Cortot: Rational Principles... Please Advise

I have a few questions.

Sorry if there are multiple threads on this topic-I tried using search but didn’t find anything.
I am interested in this book-I got it a few months ago and have dabbled with a few of them but done nothing serious.
Is it worthwhile going through the whole book according to the instructions?
My teacher says it’s best to do a few here and there and not so much point in doing them all in order.

Perhaps I should tell you a bit about my technique and what direction I want to go in. Please comment on my technique if you’ve listened to my recordings. Does anything sound technically weak or uncontrolled?

I feel certain aspects of my tech are quite strong while others are somewhat underdeveloped. I feel my fingers are strong and my bridge is well established.
However, I am not satisfied with suppleness and flexibility of my fingers, wrists, and arms. My teacher assigned me Chopin op. 10 no’s 9 and 10 to work on this, and so far it’s going well.
What is dasdc school of thought regarding Cortot’s Rational Principles of Piano Technique?
I have a friend who is VERY good who swears by the book as a means of building the suppleness and elasticity of the fingers.

I feel quite confident in my fingers and less so with my arm/wrist choreography. Does this make any sense to you peeps or does it just sound like I’m talking out my ass?

Have any of you studied the Cortot AS PER the instructions in the first chapter (‘how to use this book’)?
Or have most of you just ‘dabbled’?

I’m concerned that studying it according to the instructions is a major time commitment (1 hour every day), and perhaps that time could be better spent…

thanks!

god damn… is it possible to get a reply?

I have always distrusted “method” books, no matter who they are written by. There are a multitude of truisms about learned piano technique that are always (or should be always) taught from teacher to teacher (scale fingerings, playing on tips of fingers, try not to be tense, etc), but alot of specifics have to be left up to the player. It helps some people to sit higher or lower than others, etc. etc. etc.

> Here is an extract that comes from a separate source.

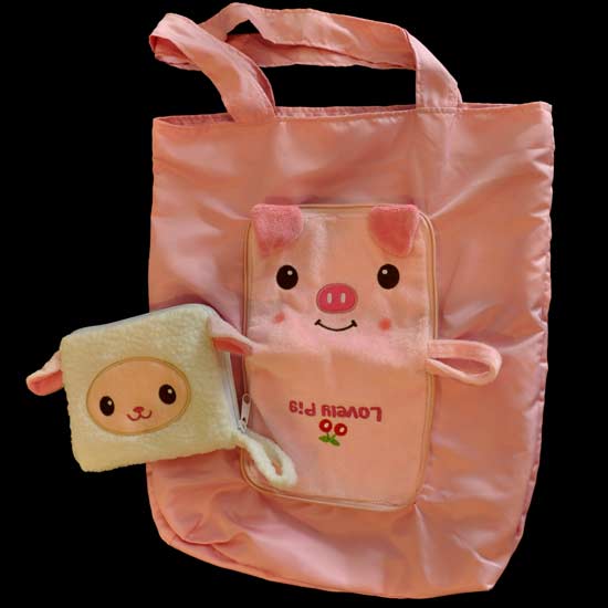 Showcased here is a cute shopping bag that is made of fabric material. This excellent shopping bag has a pig-shaped design. This simply is the ideal shopping bag for ladies.
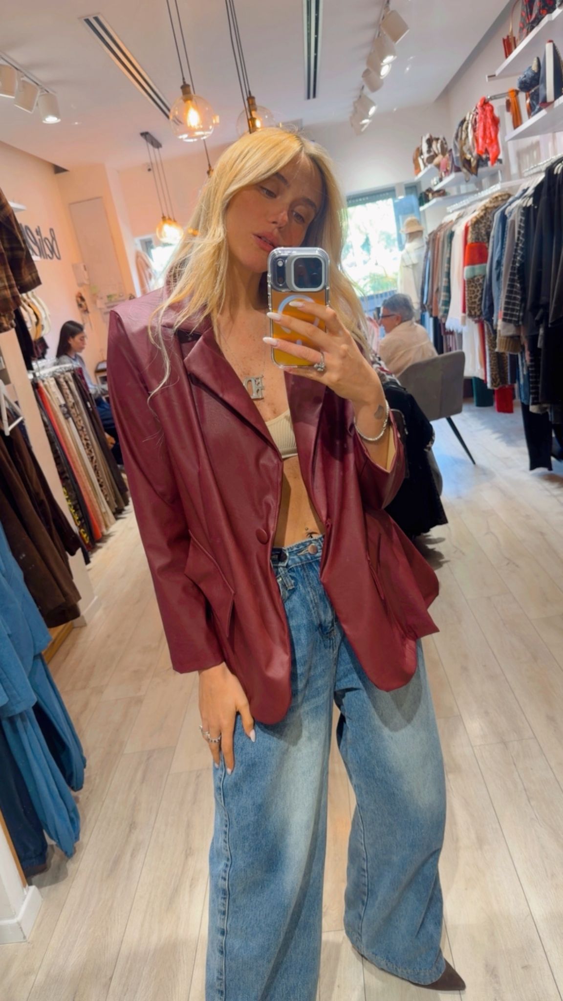 כמות של ג'קט דמוי עור עם פתח בגב

I feel like the best way to overcome a technical obstacle is to play more music and tackle these problems as they appear in a real musical context. I am always confused when pianists talk about “finger strength”, “arm flexibility”, etc. These things surely exist and have some effect on playing, but more often than not I feel they are the results and byproducts of musical situations and the worker bees in the physiology (is that the correct word?) of performance.

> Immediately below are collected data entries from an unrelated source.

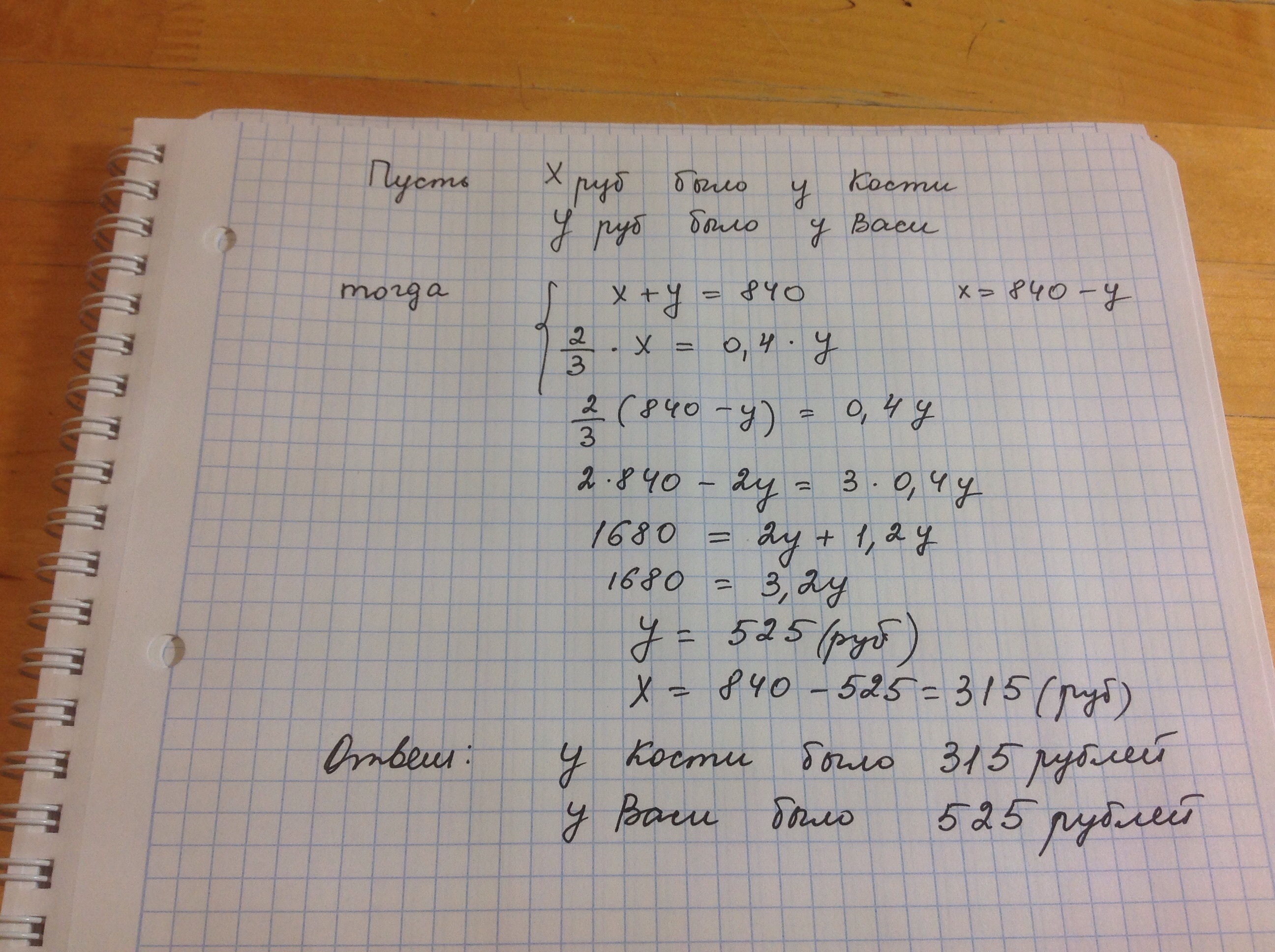 У Кости и Васи было 840 рублей.Они купили себе одинаковые альбомы , причём Костя потратил на альбом 23 своих денег ,а Вася 40% своих денег.Сколько рублей было у Кости и сколько у Васи?
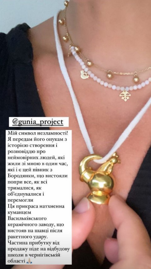 "Мій символ незламності! Я передам його онукам з історією створення і розповіддю про неймовірних людей, які жили зі мною в один час, які і є цей півник з Бородянки, що вистояли попри все, які трималися і об'єднувалися, які перемогли. Ця прикраса натхненна куманцем Васильківського керамічного заводу, що вистояв після ракетного удару. Частина прибутку від продажу піде на відбудову школи в Чернігівській області", - поділилася подробицями ведуча "Світського життя".
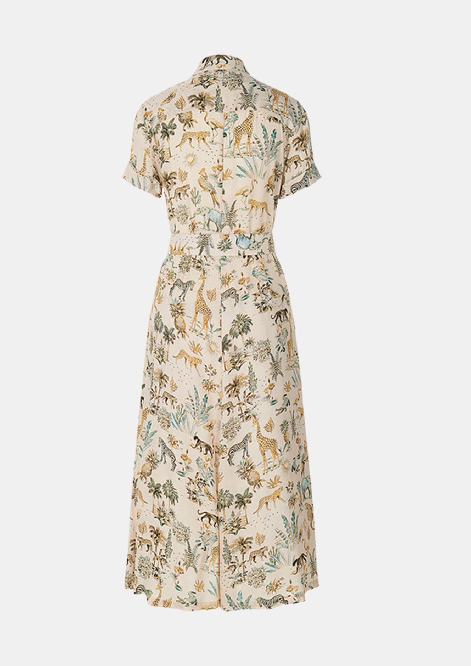 Платье-рубашка модной длины миди с короткими рукавами, поясом и расклешенным силуэтом. Настоящая классика моды, представленная здесь в эксклюзивном принте Safarino на чистой вискозе.

In other words, I can’t be arsed to care about this kind of stuff because if someone says “well gee, i feel like the flexibility and strength of my ring finger in right hand is not quite up to snuff” or “my ring finger isn’t independent enough of my pinkie”… instead of directing somebody to a book or giving them some kinda physical advice that is not necessarily going to be true for everyone, I’d say “play the Chopin 3rds and 6th etudes” for instance.

I’m sure that time could be better spent, but it could also be spent much worse. I’ve done quite a lot of Cortot’s excercises and would say that the average tech improvement/hour is a lot better than the ti/hour of playing most pieces of “real music”. Still, for each chapter in Cortot’s book, I’ve chosen some Chopets to work on simultaneously, to put the technique into real context. This has worked very well and I have found that I learn Chopets faster than ever.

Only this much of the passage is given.